Let there be light
Street lights on a busy thoroughfare have not been illuminated in seven years because they are believed not to be connected to the mains.
The lights are in an alley that connects Newark’s Asda store to Beaumond Cross.
Lombard Medical Centre borders part of the alley, and the chairman of the centre’s Patients’ Participation Group says the area would be safer if it was lit.
Mr David Green said: “It is a quiet area and I have been told that it is a place where people have been known to sell and take drugs.
“I have heard that some of the staff had been accosted as they are coming into work and that shouldn’t be right.”
The area forms part of the former Potterdyke carpark site that was redeveloped after
Newark and Sherwood District Council approved plans for an Asda store, shops and the medical centre.
A council spokesman admitted that it required details of the scheme’s CCTV, lighting and street furniture to be submitted and approved, before the development could proceed.
The scheme was agreed and the lighting columns were added, but they have never been switched on.
Mr Green said the lights were pointless.
“I was told by the district council there was an expectation they would be connected to the electricity,” Mr Green said.
“There are five street lights there and it has been a mission trying to find out how to switch them on, because no one has seen them on in seven years.

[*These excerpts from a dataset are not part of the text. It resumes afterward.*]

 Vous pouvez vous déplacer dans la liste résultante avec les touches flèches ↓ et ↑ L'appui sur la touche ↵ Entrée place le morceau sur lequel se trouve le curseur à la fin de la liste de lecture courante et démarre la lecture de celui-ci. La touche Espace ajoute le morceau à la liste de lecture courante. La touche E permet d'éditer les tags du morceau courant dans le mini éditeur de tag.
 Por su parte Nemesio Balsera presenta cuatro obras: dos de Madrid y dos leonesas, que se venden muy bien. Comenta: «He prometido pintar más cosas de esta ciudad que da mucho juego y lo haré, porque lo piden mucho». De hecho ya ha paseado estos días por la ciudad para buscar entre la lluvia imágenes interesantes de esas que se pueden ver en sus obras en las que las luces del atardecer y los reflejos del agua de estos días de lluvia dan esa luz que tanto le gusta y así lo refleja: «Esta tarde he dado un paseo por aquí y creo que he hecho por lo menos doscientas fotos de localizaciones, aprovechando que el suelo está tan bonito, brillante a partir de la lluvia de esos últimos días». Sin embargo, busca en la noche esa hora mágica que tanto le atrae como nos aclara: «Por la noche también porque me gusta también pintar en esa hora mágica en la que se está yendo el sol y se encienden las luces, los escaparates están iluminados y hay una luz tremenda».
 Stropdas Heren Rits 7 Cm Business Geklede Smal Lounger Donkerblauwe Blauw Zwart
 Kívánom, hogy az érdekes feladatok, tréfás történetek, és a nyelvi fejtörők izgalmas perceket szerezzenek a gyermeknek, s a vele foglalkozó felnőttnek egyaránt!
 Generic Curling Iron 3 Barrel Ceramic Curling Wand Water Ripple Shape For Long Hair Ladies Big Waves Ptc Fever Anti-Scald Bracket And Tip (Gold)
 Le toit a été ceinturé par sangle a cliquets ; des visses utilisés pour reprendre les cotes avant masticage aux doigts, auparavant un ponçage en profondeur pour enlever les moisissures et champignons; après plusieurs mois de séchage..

“Those lights must have cost a lot of money to put in, but if they are not connected to electricity then what is the point of them?”

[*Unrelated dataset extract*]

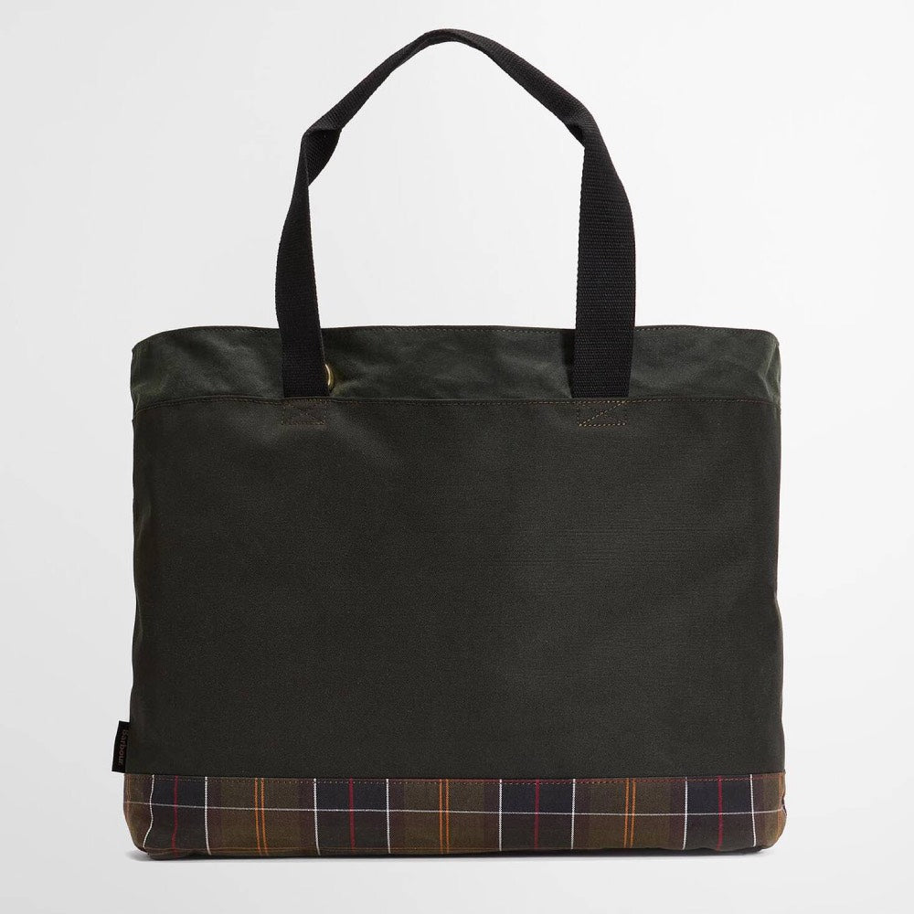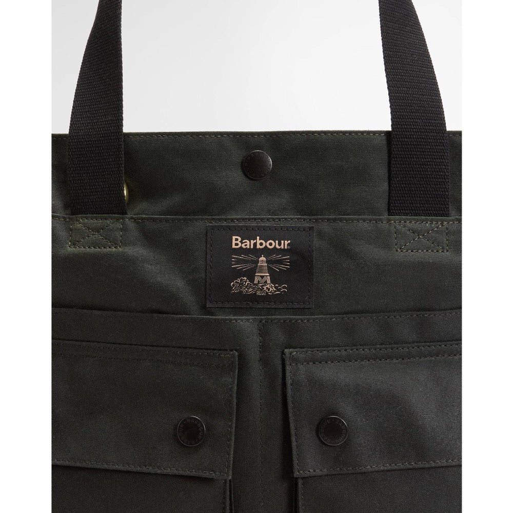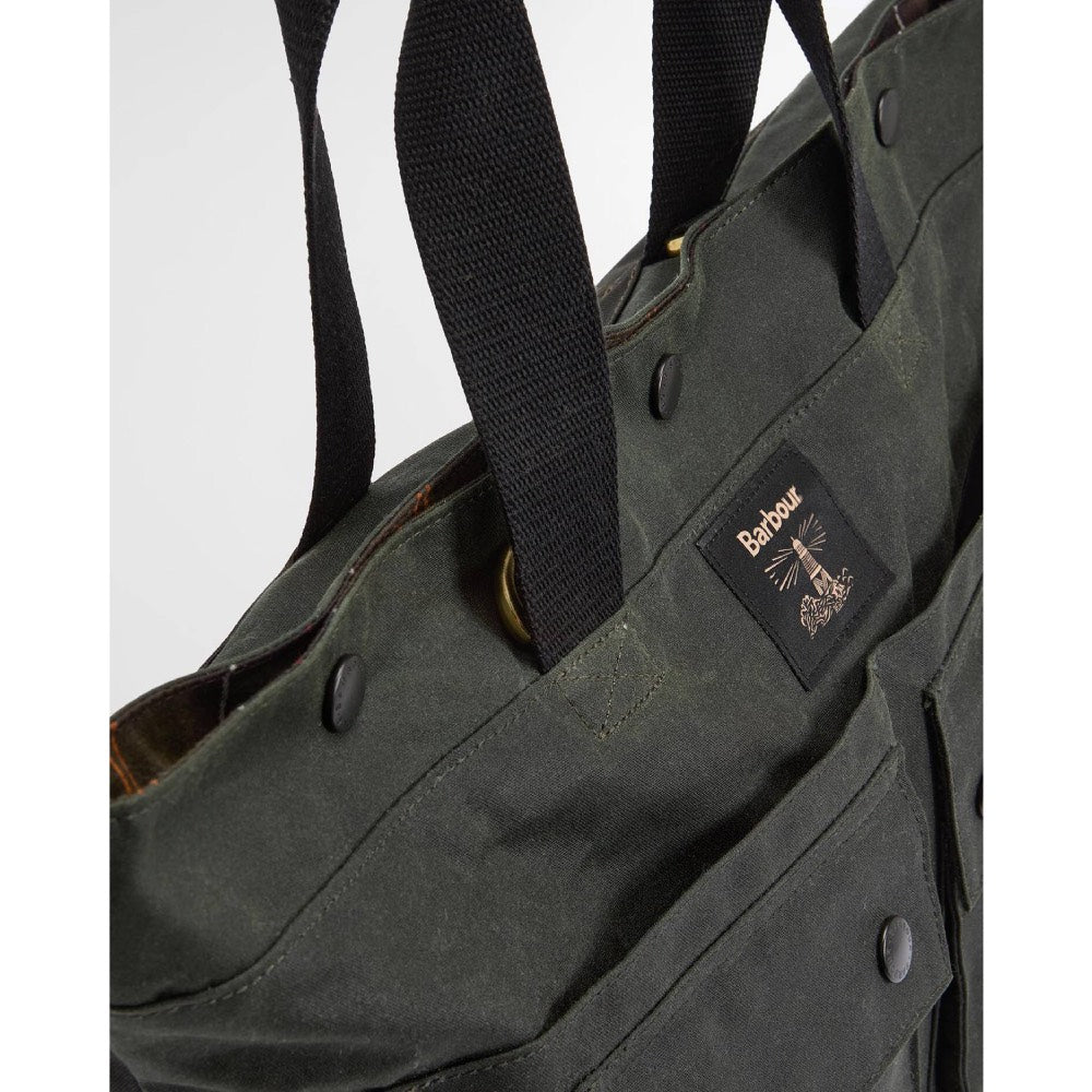 The Barbour Field Wax Tote Bag offers a robust and stylish solution for carrying your everyday essentials. Crafted from durable 10oz waxed cotton canvas this tote bag is built to withstand the elements. It features a secure stud closure to keep your belongings safe. The sturdy webbing grab handles allow for comfortable hand carrying, while a detachable webbing shoulder strap offers versatile carrying options. The base of the bag is trimmed with Barbour's signature tartan, adding a touch of iconic British heritage. The two prominent Barbour jacket-style outer pockets, providing convenient and accessible storage for smaller items. This spacious tote is perfect for shopping, work, or weekend outings.

Mr Green wants to shed light on the situation before winter.
“All I want to do is get that walkway lit up on dark mornings and dark evenings so staff and patients for Lombard Medical Centre don’t feel intimidated,” he said.
Mr Green believes the lights will become even more important now plans have been submitted to the council for a 66-bed Travelodge to be incorporated into the listed facade of the former Robin Hood Hotel on Beaumond Cross.
Of the situation, the council said: “This relates to private land and we do not have the power to enforce anyone to connect a power supply or ensure lighting is switched on at such a site.
“We will further look into this situation.”
It has been suggested that the lights are on land owned by Asda.
A spokesman for the company said the matter was being looked into.